Question

A special metal S conducts electricity without any resistance. A closed wire loop, made of S, does not allow any change in flux through itself by inducing a suitable current to generate a compensating flux. The induced current in the loop cannot decay due to its zero resistance. This current gives rise to a magnetic moment which in turn repels the source of magnetic field or flux. Consider such a loop, of radius a, with its centre at the origin. A magnetic dipole of moment $m$ is brought along the axis of this loop from infinity to a point at distance $r(>>$ a) from the centre of the loop with its north pole always facing the loop, as shown in the figure below.
The magnitude of magnetic field of a dipole $m$, at a point on its axis at distance $r$, is $\frac{\mu_{0}}{2 \pi} \frac{ m }{ r ^{3}}$, where $\mu_{0}$ is the permeability of free space. The magnitude of the force between two magnetic dipoles with moments, $m _{1}$ and $m _{2}$, separated by a distance $r$ on the common axis, with their north poles facing each other, is $\frac{ km _{1} m _{2}}{ r ^{4}}$, where $k$ is a constant of appropriate dimensions. The direction of this force is along the line joining the two dipoles.

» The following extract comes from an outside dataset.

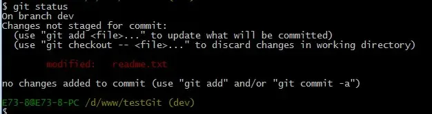 我们在readme.txt再添加一行内容为4444444,接着在目录下新建一个文件为test.txt 内容为test,我们先用命令 git status来查看下状态,如下: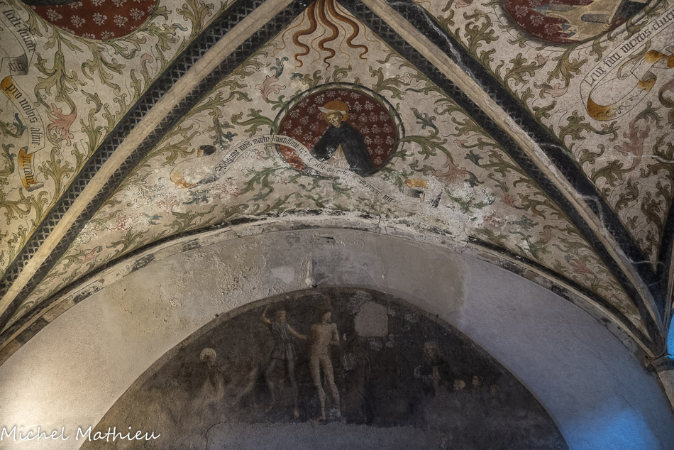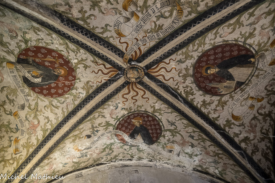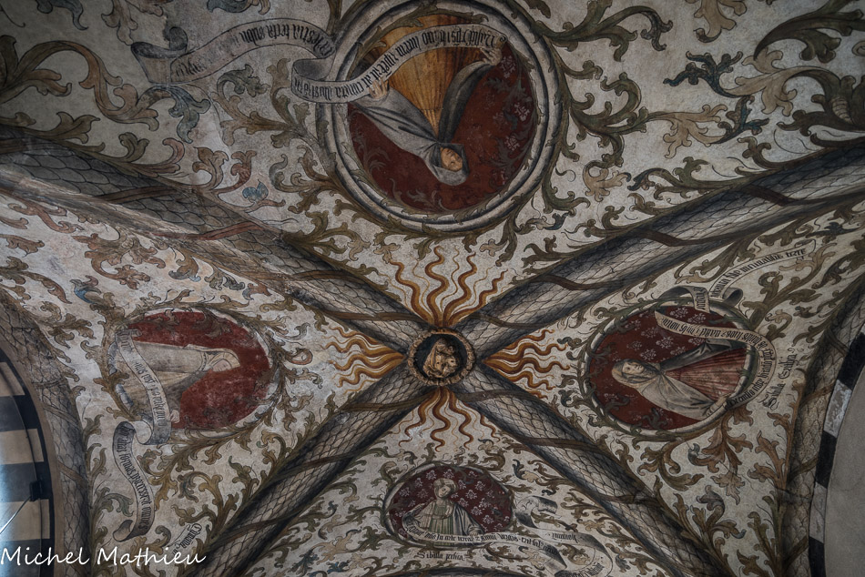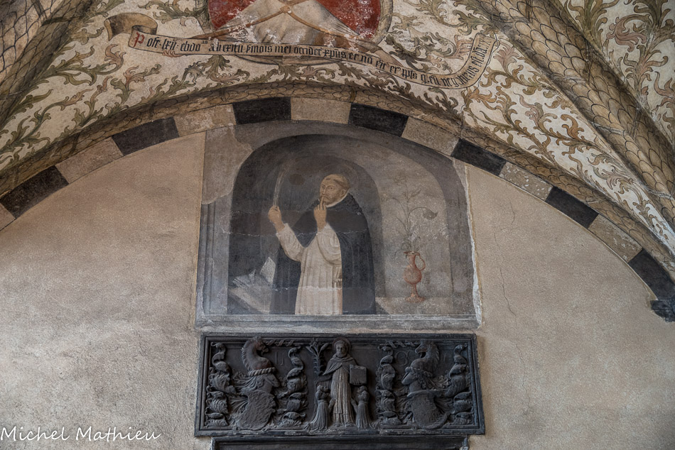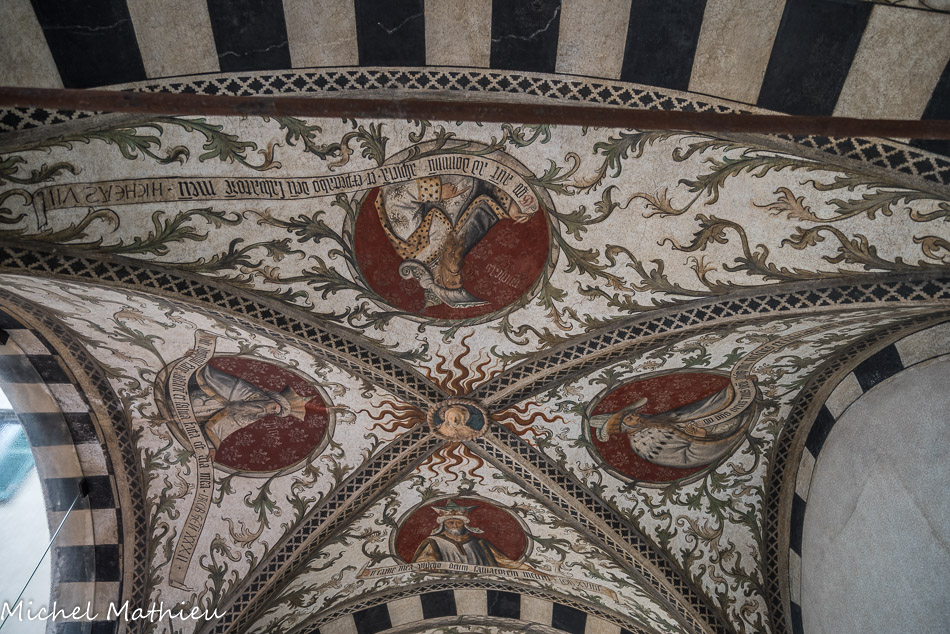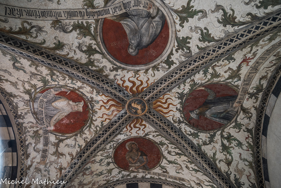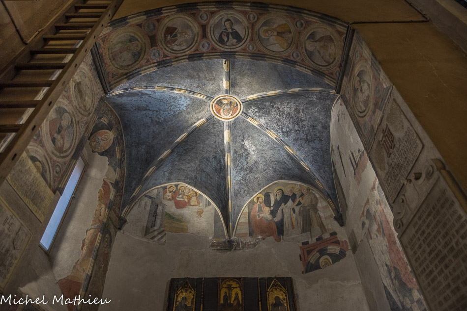 Église Santa Maria di Castello. Clé de voûte : Saint Dominique. Dans les quartiers : Saint Thomas d'Aquin (qui porte l'Eglise) ; Saint Vincent Ferrer (avec le crucufix à la main) ; Saint Pierre Martyr (avec la tête transpercée). Fresques fin XV, Maitre de l'Annonciation del Monte.

The work done in bringing the dipole from infinity to a distance $r$ from the center of the loop by the given process is proportional to

• A. $m / r ^{5}$
• B. $m ^{2} / r ^{5}$
• C. $m ^{2} / r ^{6}$
• D. $m ^{2} / r ^{7}$

Answer 1

Answer: (C)

$dW = F . d x =\frac{- Km \left( i _{1} \pi a ^{2}\right)}{ r ^{4}}( dr )$
$i _{1}=\frac{ ma }{\pi r ^{3}}$
$W =\int\limits_{\infty}^{r} \frac{ km \left(\frac{ ma }{\pi r ^{3}} \times \pi a ^{2}\right) dr }{ r ^{3}}= km ^{2} a ^{3} \int \frac{ dr }{ r ^{7}}$
$W \alpha \frac{ m ^{2}}{ r ^{6}}$